Play a fun prank with your kids by hiding a bigger Elf on the Shelf in your house each day so in a few weeks he’s 10 feet tall and they’re absolutely terrified of Christmas.
Me: what do you want for dinner?
3yo: nothing.
Me: you want cheese on that nothing?
3yo: yes please.
kidnapper: we have your son
my dad: ask him if he has my lighter
Me: What does venison taste like?
Food Connoisseur: It’s similar to beef but more gamey.
[Later]
Me: *sees a cow playing Fortnite* V…venison?
me: I’m stuck in a time loop
friend: *sighing* is your watch on too tight
me: my watch is on too tight 🙂
ER Nurse: Let me get this straight. You microwaved your food for too long and burned the inside of your mouth?
Me (mouthful of bandaids): Yesh.
Wishing a much deserved truly blessed day to my Instacart shopper who just told me she’s EGGCITED to get started on my order and for me to ROMAINE calm in case any items are out of stock, absolutely masterful, no notes
“So, is there a MRS. A-Z?” – Lady hitting on Jason Mraz
I can usually tell how productive I’ve been at work, by the battery life of my phone.

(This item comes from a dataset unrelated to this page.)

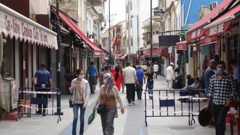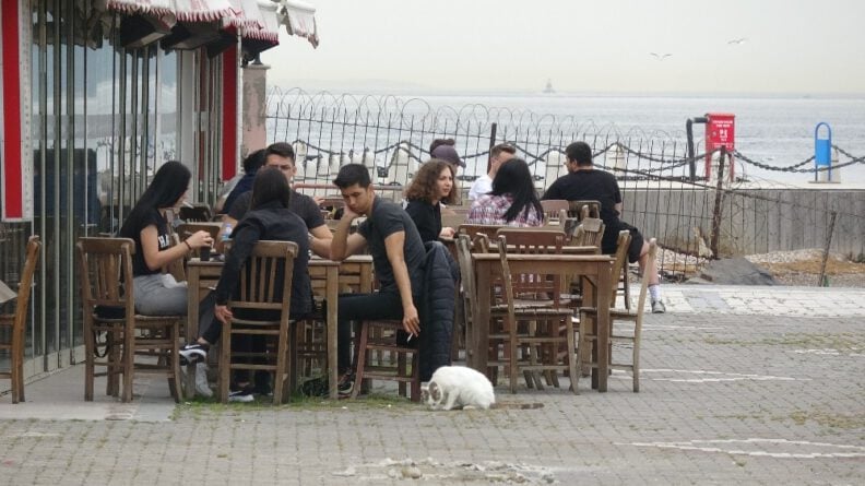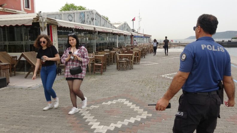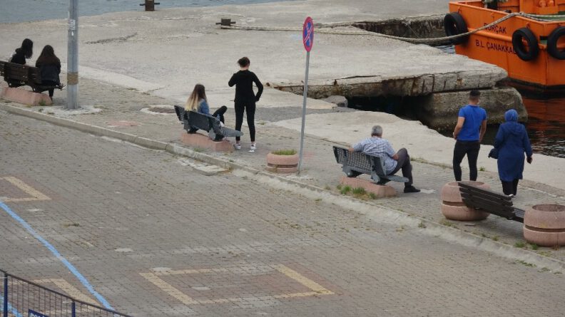 Çanakkale’de sahil kenarlarına akın eden gençler, uzun süredir polis barikatlarıyla kapalı olan kordona girdiler. Kimisi banklarda oturup sohbet ederken, kimisi de yanında yiyecek ve içeceğini getirerek kapalı olan işletmelerin masa ve sandalyelerine oturdular. Bazı kişiler ise korona virüs salgını yokmuş gibi sahilde fotoğraf çekip, yürüyüş yaptı.

I don’t think the comings and goings of Cotton eyed Joe warrant a whole song.
Just overheard my 6-year-old son ask Alexa, “Alexa, is there anyone my dad could beat up?”
I hope my enemies are walking around in wet socks.
I backed my car into my husband’s car once when we were dating and for 25 years he’s not parked behind me.
I sprayed FeBreeze on the recliner and now my dog won’t talk to me.
i am single and looking for someone amazing! but if my ex is reading this i have 12 boyfriends and they have all proposed to me
Rob somebody at gunpoint today, show the world how serious you are at nicknaming your new friend Robert.
If your mother in law and your father in law were both engulfed in flames, and you only had one fire extinguisher,
where would you hide it?
I’m trying to explain to my mother how to get pictures off her phone, while we’re on the phone, and everything is awful.
I thought I needed to get a divorce and start a new life in a foreign country and then I realized I was just hungry.
I have been revising my financial goals for 2023, and I think I am going to start saving up to buy a boat. A gravy boat
sir, my pâté if you please
sleep researchers agree that it may sound fun to set a favorite song as your wakeup alarm, but it will quickly make you hate the song. That’s why the scientific consensus is for everyone to use Drops Of Jupiter instead
My 1-year-old has been beeping at me all morning.
I thought there was something wrong with her.
Turns out she’s being R2-D2.
me: hello 911
operator: actually you’ve reached 116
me: ok can u tell 911 I’m dangling from a cliff
Home Depot specializes in how can we confuse and overwhelm someone who just needs a lightbulb.